Войти
sport-in » Статьи » Здоровое и красивое тело » Зачем знать гликемический индекс?

Зачем знать гликемический индекс?

0 78 crossfit 18-03-2020 23:07 Здоровое и красивое тело

Зачем знать гликемический индекс?Когда строишь тело мечты важна каждая мелочь. Одни убирают молочные продукты, так как они немного задерживают воду в организме. Другие считают гликемический индекс продуктов. Почему так важно покупать продукт с низким содержанием ГИ, узнаем сегодня.

Что такое ГИ?

Гликемический индекс (ГИ) — это скорость распада углеводов до глюкозы в организме человека.
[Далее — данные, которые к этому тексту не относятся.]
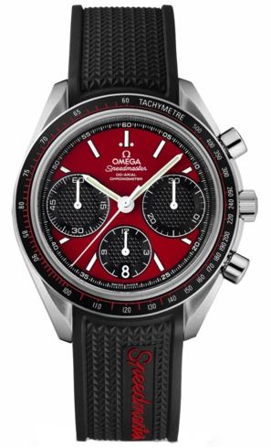Model: 326.32.40.50.11.001 - CASE = [Material:Brushed and Polished Steel], [Case Diameter:40], [Bezel:Aluminum Filled with Tachymeter Scale], [Case Back:Solid, Engraved with Seahorse Medallion], [Water Resistant:100 Meters - 330 Feet], [Crystal:Scratch Resistant Sapphire],; DIAL = [Color:Red Chronograph with Black 'Clous de Paris' Design Sub-Dials, Date at 6],; MOVEMENT = [Type:Co Axial Chronometer with SI 14 Balance Wheel - Automatic Self Winding Omega 3330 with Approx. 50hr Power Reserve],; BAND = [Clasp:Double Push Button Deployment], [Type:Black Rubber], (Usually ships in 1 to 2 weeks.)
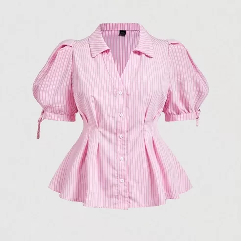 A refined short-sleeve blouse designed with a slimming waistline and graceful puff sleeves, perfect for elevating both office attire and daily looks.
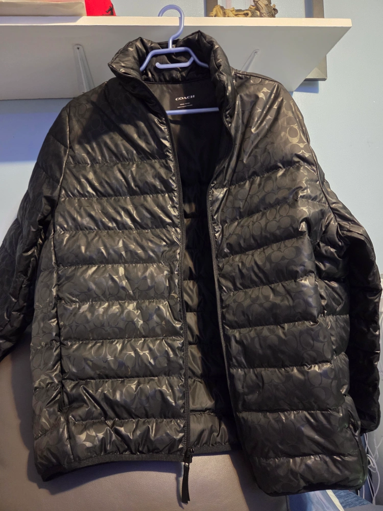 Selling a Coach black puffer jacket in size medium. It's made with 100% polyester for both the shell and lining, and filled with 90% grey duck down and 10% grey duck feathers. It's in great condition and ready for a new home!
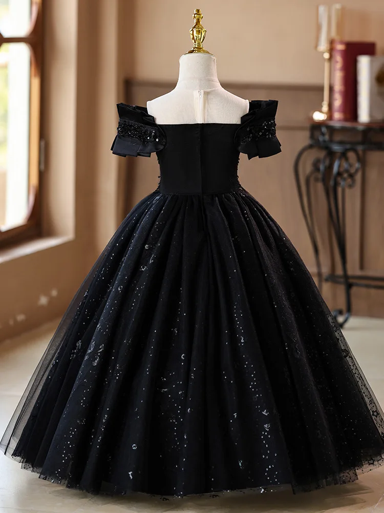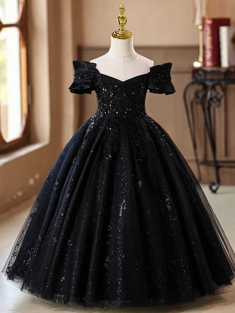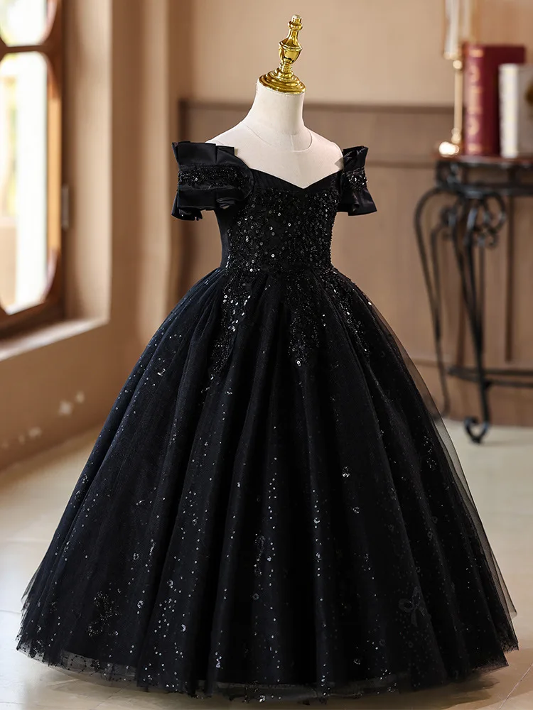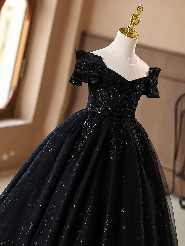 Teenager Girls Lace Sequins Tulle Princess Dress For Kids Wedding Party Ball Gown Birthday Formal Banquet Performance Vestidos
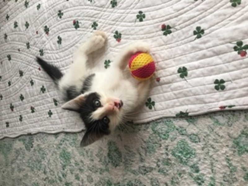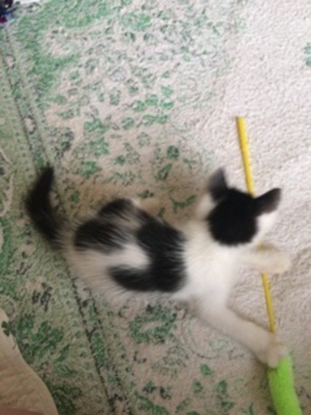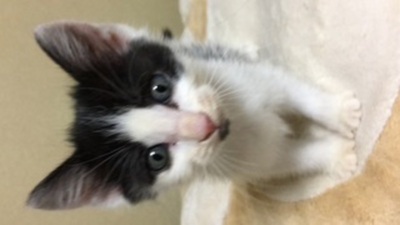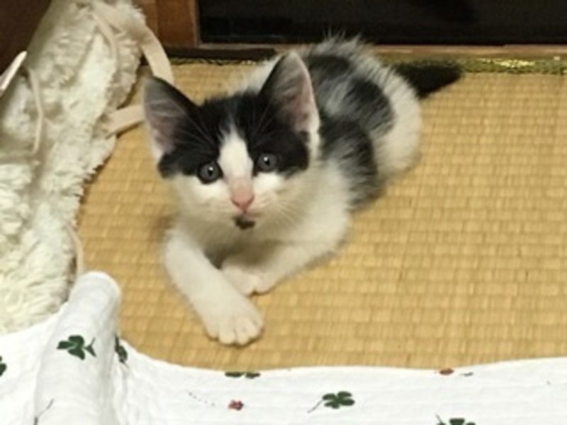 | 特徴(性格など) | 白黒模様で、背中に大きなにくきゅう模様のあるやんちゃな男の子。 拾った時、お腹がポンポコリンだったので仮の名を『ポコ』と呼んでいます。 とても活発、キトンブルーの色味がまだあるまんまるお目目でおもちゃを狙います。 布ボールやけりぐるみ、猫じゃらし等でコロンと転がり、そのポンポコお腹を見せてくれます。 遊ぶのに夢中で触ると甘噛みしてしまうこともありますが、人に爪は立てないし、だめ!と伝えるとちゃんと噛むのをやめる賢い子です。 トイレも覚え、上手に砂場を整えます。 ノミダニ寄生虫駆除、おりません。病気もなく、元気いっぱいです。 ご飯を持って行くと、控えめながらも『はやくはやく〜!』というように鳴く様はとても可愛いです。 |
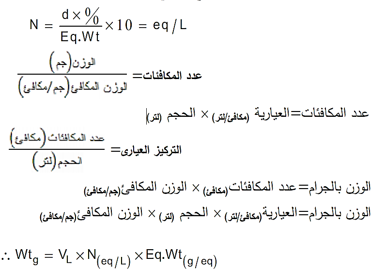 اما بالنسبة للعلاقة التالیة فتستخدم لحساب عیاریة المحالیل المركزة (محالیل الاحماض والقواعدالمركزة)
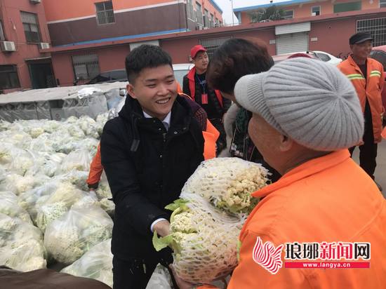 琅琊新闻网12月21日讯 (记者 胡雪莹) 21日清晨,临沂市气象台发布大雾黄色预警,前往临沂市沂水县三十里堡社区拉菜的车队却丝毫没有耽误,11辆蔬菜配送车早晨7点30分按时出发。因为路面被大雾笼罩,3个小时后车队终于到达目的地。当天下午,1万斤爱心菜花被赠送至临沂市东城环卫有限责任公司,爱心菜被全部分发给“城市的美容师。”
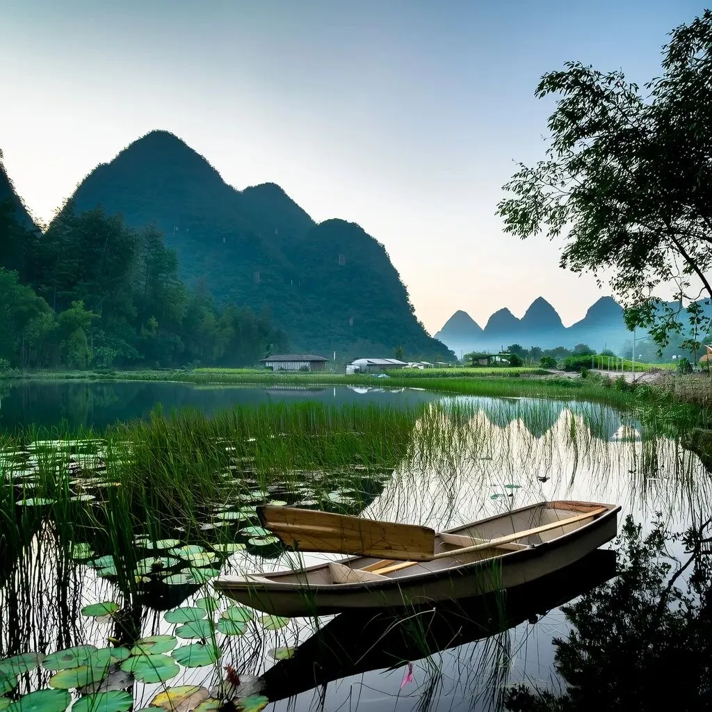 有人形容这里像“小桂林”,但我觉得更像梦里那种场景——远山、稻田、湖泊乱入彼此的倒影,风吹过荷叶的浪,一波一波都能漫进心里。
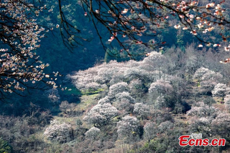Plum and cole flowers in full bloom along a mountain add colors to a village in Mianyang, southwest China's Sichuan Province. (Photo: China News Service/Hu Yu)
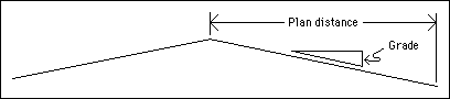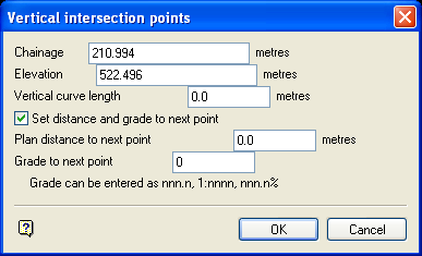 Select this checkbox to set the next point at a fixed distance and grade from the current point. The grade can be entered as decimal degrees (nnn.n), as a normal grade specification (1:nnnn) or as a percentage (nnn.n%). See also Appendix B. You can also specify the next intersection point by clicking OK on the panel and indicating the point normally.
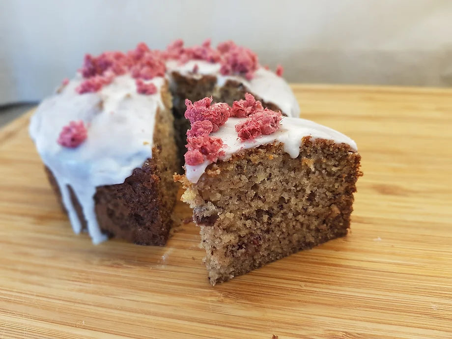 One of our most popular cakes! Fresh bananas and raspberries make up this lightly spiced cake topped with water icing and decorated with dried raspberries. A 6 inch round cake that can serve up to 6.
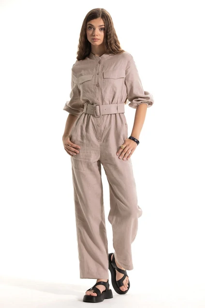 Комбинезон с отрезной планкой по переду, центральной застежкой на петли и пуговицы, воротником- стойкой. По верхней части переда накладные карманы с клапанами. Комбинезон по талии присборен на резинку. В боковых швах нижней части комбинезона выполнены карманы. Плечо спущенное. Рукав втачной, 3/4, с отрезной манжетой, присборенной на резинку. Комбинезон со съемным поясом.
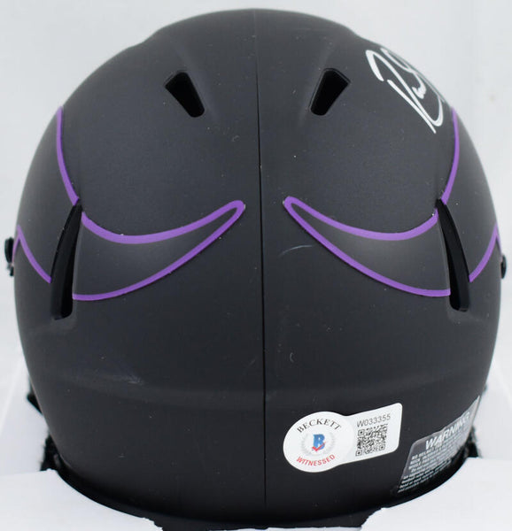 Randy Moss Autographed Minnesota Vikings Eclipse Speed Mini Helmet- Beckett W Hologram *Silver This is a Randy Moss of the Minnesota Vikings hand autographed Riddell Football Eclipse Speed Mini Helmet. This item has a Beckett Witnessed Authentication, which comes with a Beckett numbered sticker hologram and a QR code for verification. You can view this item on the Beckett Authentication website. It was signed either at a public autograph appearance or a private signing. This is a stock photo of the item. Although you may not receive this exact item, the item you receive is virtually identical, brand new, and in great shape.
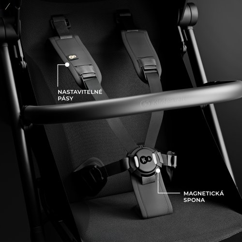 Pohodlné bezpečnostní pásy Magnetické, pětibodové bezpečnostní pásy zaručují bezpečnost a snadné používání - zapnutí a odepnutí trvá jen chvíli. Bezpečnostní pás je také vybaven pohodlným výškovým nastavením, které vám umožní přizpůsobit jej výšce dítěte nebo tloušťce oblečení, aniž byste jej museli znovu zapínat. Otočné madlo, které lze z obou stran odebrat, navíc usnadňuje nakládání a vyjímání dítěte z kočárku a poskytuje rodičům maximální komfort.
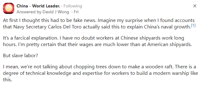 来源:https://www.quora.com/Why-did-the-US-Navy-secretary-say-that-China-is-using-slave-labor-to-build-their-warship
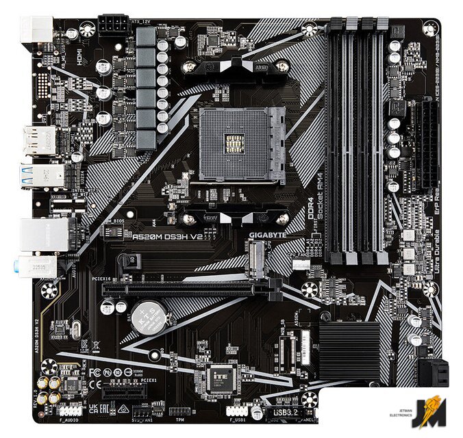 mATX, сокет AMD AM4, чипсет AMD A520, память 4xDDR4 до 4733 МГц, слоты: 1xPCIe x16, 1xPCIe x1, 1xM.2

Чем продукт дольше распадается — тем лучше. Мы знаем, что существуют два типа углеводов: сложные (они насыщают организм на длительное время) и простые (после быстрого усвоения наступает чувство голода). Однако сложные углеводы тоже разделяются на подгруппы, которые складываются на основе гликемического индекса.

Шкала ГИ

Шкала ГИ имеет 100 единиц. Она начинается с безуглеводных продуктов т.е. 0 и заканчивается число 100, которое говорит о высоком содержание углеводов. Принцип абсолютно идентичный как с простыми и сложными углеводами. Продукты с высоким содержание ГИ быстро дают энергию, с низким ГИ придадут только чувство сытости на короткое время. Также ГИ зависит от содержания клетчатки ( чем её больше, тем уровень ГИ ниже), БЖУ(белков, жиров, углеводов), а также способу обработки продукта(например, тепловая обработка повышает ГИ).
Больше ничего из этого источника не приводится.